Thursday, November 16, 2006

US v. Reina-Rodriguez, No. 05-10475 (11-15-06). In a 1326 case, the 9th holds that a Utah burglary is an aggravated felony. This may seem simple but it took some fancy footwork and, one could argue, specious reasoning, to reach that result. The defendant had plead to burglary in the second degree. The information had lined through "aggravated" burglary and "first" as in degree. This was important because, under state law, attempted agg burglary is categorically not a crime of violence. The judgment was for burglary in the second degree.
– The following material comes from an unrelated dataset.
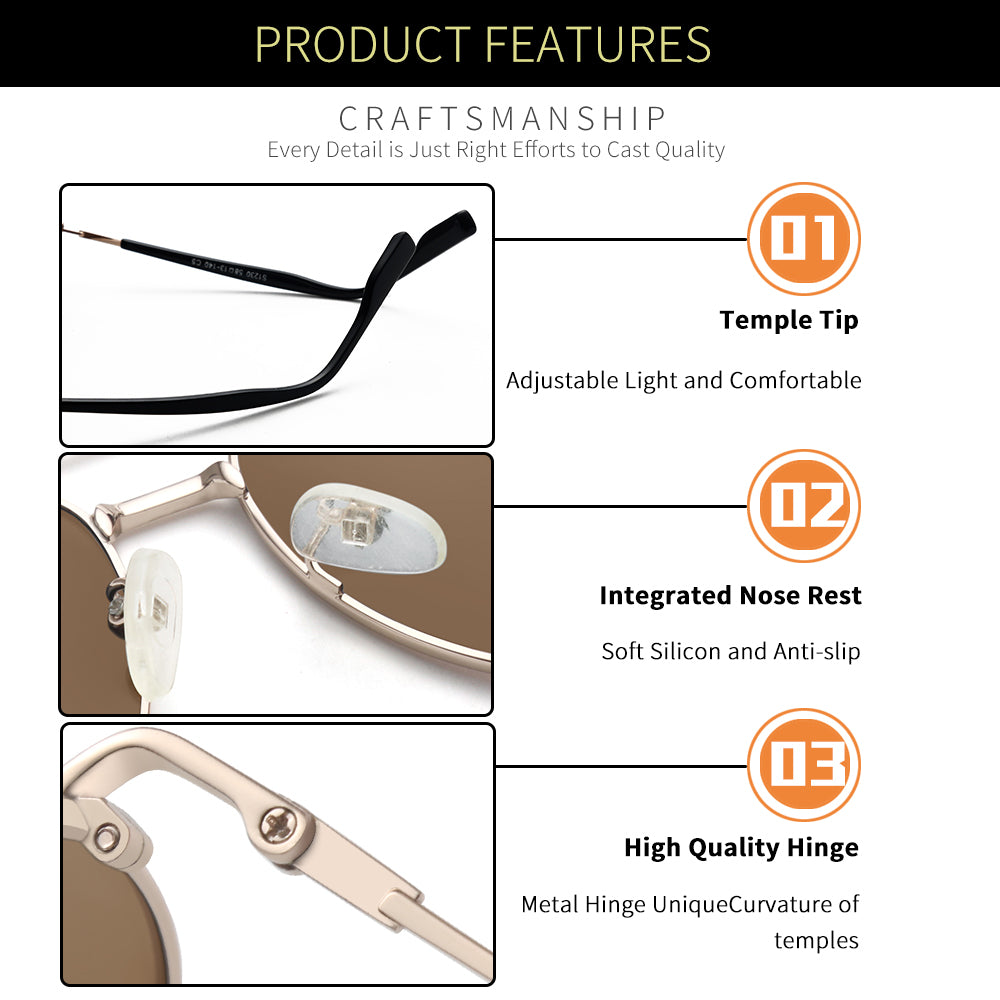 GREY JACK Metal Frame Pilot Polarized UV Protected Sunglasses 1230

The 9th ignored the fact that statute and facts, both unaltered in the information, made it unclear whether the plea was to "attempted aggravated burglary" or "burglary of a dwelling," but the 9th used what it thought was "common sense" and reasoned that it was burglary of a dwelling because "aggravated" was lined out despite the factual basis being unclear and the statute open for interpretation. In sentencing, the 9th also affirmed a sentence as reasonable in spite of the court saying, in effect, that it could not go lower because the government had to have uniformity in its fast-track pleas. The trial court did note that the defendant, by pleading straight up, kept his appeal, but it is a catch-22 because, since he kept his appeal on the aggravated felony issue, he must be punished for not accepting a deal.

US v. Zakharov, No. 03-50214 (11-15-06). Ahoy mates, this is a Maritime Drug Law Enforcement Act (MDLEA) case, which allows the Coast Guard to exert criminal jurisdiction on the high seas. This Belizian ship was stopped with 9200 kgs of cocaine. (The opinion drops a footnote, for no real purpose, noting that this was one of the largest seizures in US maritime history, citing a White House press release. Was that necessary?). The case revolves around whether the constitutional nexus had to be proved to a jury under Apprendi. The constitutional nexus is a decision by the court whether the court could exert jurisdiction because the drugs were headed to the US. The 9th upholds a "minimum contacts" approach, and finds that it is the court's call, although facts had to be proved that supported the exercise. This is a closer question than one would think, especially given the interplay between sovereigns and admiralty. The 9th then held that the facts supported the finding. Apprendi is apparently not seaworthy.

Fernandez-Ruiz v. Gonzales, No. 03-74533 (11-15-06). On remand from an en banc court, the 9th holds that Arizona's Revised Statutes 13-203 and 13-3601, involving misdemeanor assaults, are not crimes involving moral turpitude. These statutes do not have the wilful intent nor type of injury that is necessary for domestic assault to be categorically an offense involving moral turpitude.